Data extract Start Marker

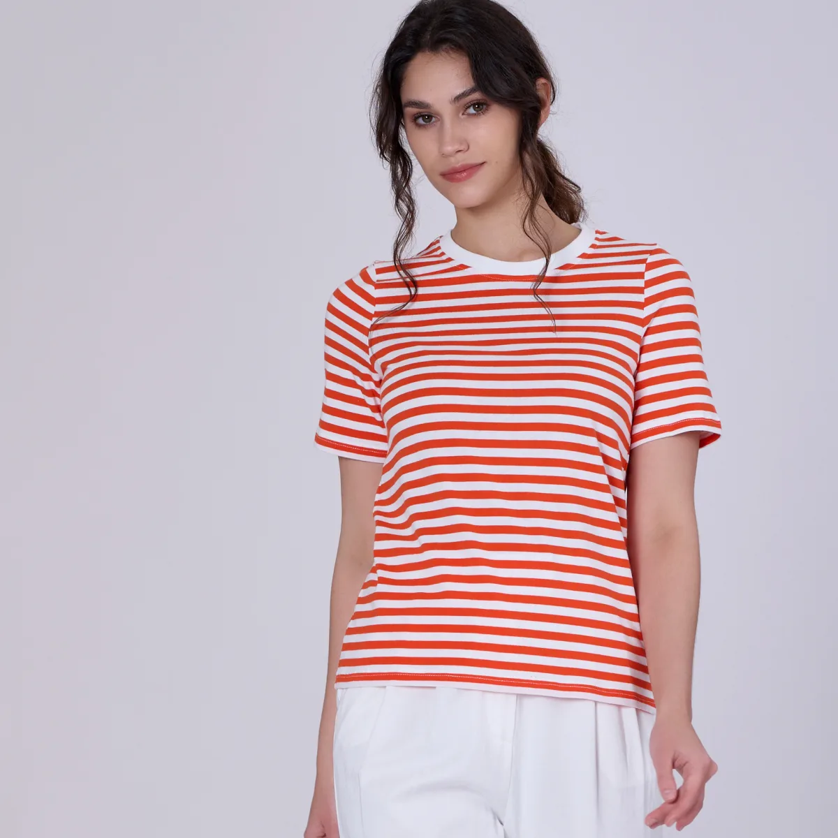Een eenvoudige en comfortabele snit, dit T-shirt heeft horizontale strepen en een ronde nek. Een geweldige klassieker in elke garderobe, de matroosstijl is tijdloos en kan worden gedragen voor informele gelegenheden op vakantie of worden gekoppeld aan een blazer voor een kantooroutfit. Productdetails: Lengte: 62 cm Model draagt maat 10 Modelhoogte is 5 "7 Vorm: recht Korte mouwen Ronde kraag
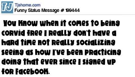 X is You know when it comes to being corvid free I really don't have a hard time not really socializing seeing as how I've been practicing doing that ever since I signed up for Facebook.
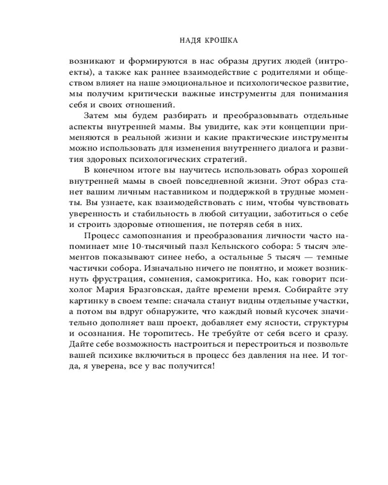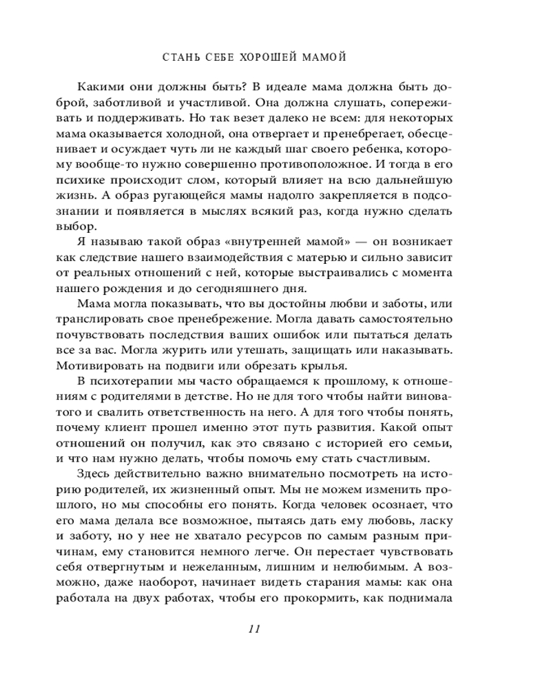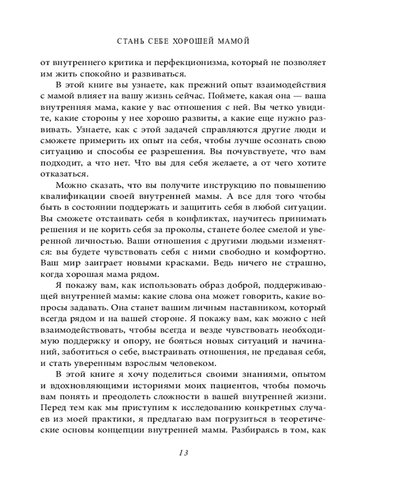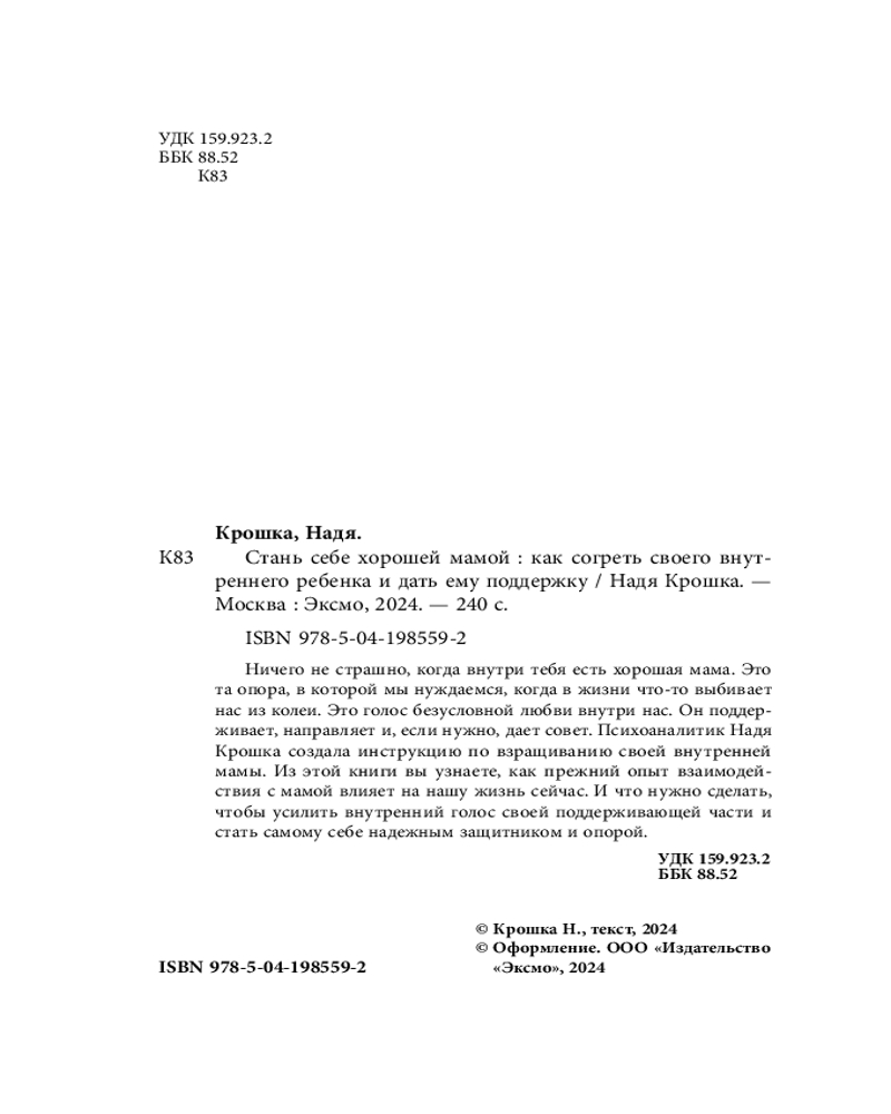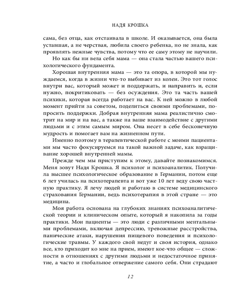 Стань себе хорошей мамой. Как согреть своего внутреннего ребёнка и дать ему поддержкуВ данный момент этот товар отсутствует в продаже. Возможно, у нас найдется аналогичный или похожий товар здесь. Серия: Top expert. Практичные книги для работы над собой Какой голос звучит у вас в голове, когда вы допускаете ошибки или терпите провалы? Осуждающий или поддерживающий? Если первый, то скорее всего именно так разговаривали с вами родители. Укоряли и стыдили, когда стоило утешать и подбадривать. Практикующий психотерапевт Надя Крошка предлагает перестать сожалеть о том, что мама или папа когда-то не сумели стать для вас-маленького надежной опорой, и не требовать от них этого сейчас, а взрастить внутри себя заботливого родителя. Научиться относиться к себе так, как должна была относиться хорошая мама. А это значит, перестать критиковать себя и игнорировать свои потребности. |
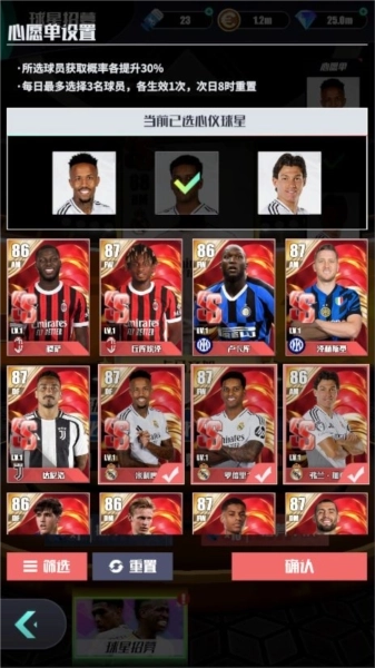 在招募系统里,心愿单是个挺关键的功能,玩家能通过它挑选自己心仪的球员。具体来说,玩家每天可以在游戏的心愿单中选定三名球员,这三名球员的获取概率都会各自提高30%。而且这个心愿单是每日刷新的,到第二天早上8点就会重置,每天最多选三名球员,每个球员的概率提升效果当天各生效一次。
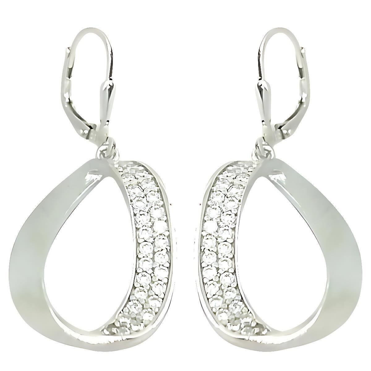 Pendientes Plata de Ley en mate y brillo con circonitas, 40mm y cierre francés.
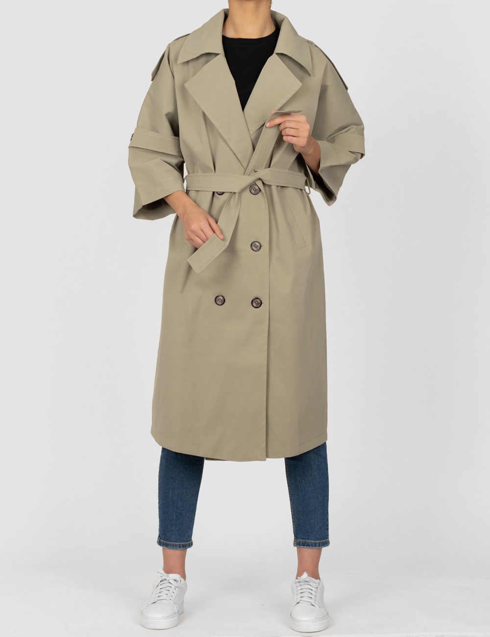 بارانی زنانه نیکیتا از برند آرتی، با طراحی کلاسیک و تنخور آزاد، یکی از انتخابهای خاص برای استایلهای پاییزی و زمستانی است. پارچهی کتان با بافت نرم و مات، ظاهری شیک و مینیمال به آن بخشیده و کمربند همجنسش باعث میشود بتوان آن را هم باز و هم بسته استایل کرد.
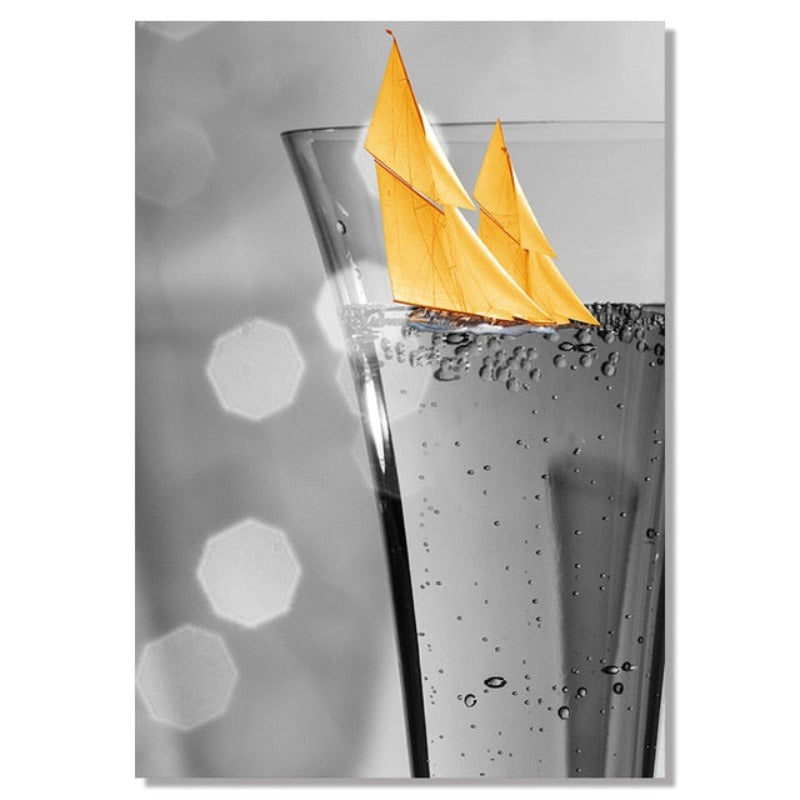 Black Wine Glass With Boat Wall Art - Canvas Wall Art Painting
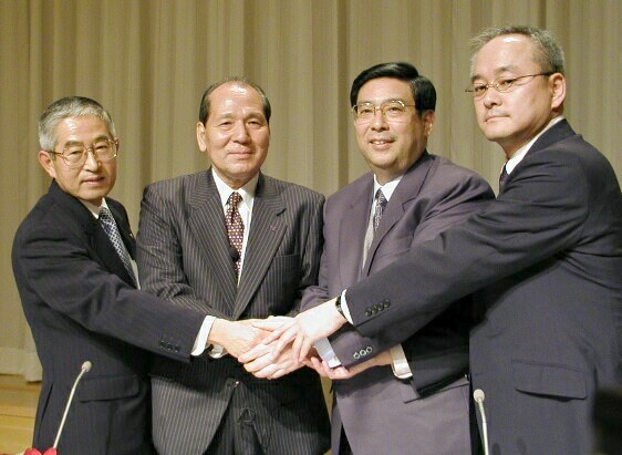左から 牧野明 大和生命社長 野々宮恵司 あざみ生命社長 北尾吉孝 SBF社長 梶川朗 あざみ生命副社長

Data extract End Marker

Task requirements: Copy each entry exactly, with no pictures.

Written solution:
Een eenvoudige en comfortabele snit, dit T-shirt heeft horizontale strepen en een ronde nek. Een geweldige klassieker in elke garderobe, de matroosstijl is tijdloos en kan worden gedragen voor informele gelegenheden op vakantie of worden gekoppeld aan een blazer voor een kantooroutfit. Productdetails: Lengte: 62 cm Model draagt maat 10 Modelhoogte is 5 "7 Vorm: recht Korte mouwen Ronde kraag
 X is You know when it comes to being corvid free I really don't have a hard time not really socializing seeing as how I've been practicing doing that ever since I signed up for Facebook.
 Стань себе хорошей мамой. Как согреть своего внутреннего ребёнка и дать ему поддержкуВ данный момент этот товар отсутствует в продаже. Возможно, у нас найдется аналогичный или похожий товар здесь. Серия: Top expert. Практичные книги для работы над собой Какой голос звучит у вас в голове, когда вы допускаете ошибки или терпите провалы? Осуждающий или поддерживающий? Если первый, то скорее всего именно так разговаривали с вами родители. Укоряли и стыдили, когда стоило утешать и подбадривать. Практикующий психотерапевт Надя Крошка предлагает перестать сожалеть о том, что мама или папа когда-то не сумели стать для вас-маленького надежной опорой, и не требовать от них этого сейчас, а взрастить внутри себя заботливого родителя. Научиться относиться к себе так, как должна была относиться хорошая мама. А это значит, перестать критиковать себя и игнорировать свои потребности. |
 在招募系统里,心愿单是个挺关键的功能,玩家能通过它挑选自己心仪的球员。具体来说,玩家每天可以在游戏的心愿单中选定三名球员,这三名球员的获取概率都会各自提高30%。而且这个心愿单是每日刷新的,到第二天早上8点就会重置,每天最多选三名球员,每个球员的概率提升效果当天各生效一次。
 Pendientes Plata de Ley en mate y brillo con circonitas, 40mm y cierre francés.
 بارانی زنانه نیکیتا از برند آرتی، با طراحی کلاسیک و تنخور آزاد، یکی از انتخابهای خاص برای استایلهای پاییزی و زمستانی است. پارچهی کتان با بافت نرم و مات، ظاهری شیک و مینیمال به آن بخشیده و کمربند همجنسش باعث میشود بتوان آن را هم باز و هم بسته استایل کرد.
 Black Wine Glass With Boat Wall Art - Canvas Wall Art Painting
左から 牧野明 大和生命社長 野々宮恵司 あざみ生命社長 北尾吉孝 SBF社長 梶川朗 あざみ生命副社長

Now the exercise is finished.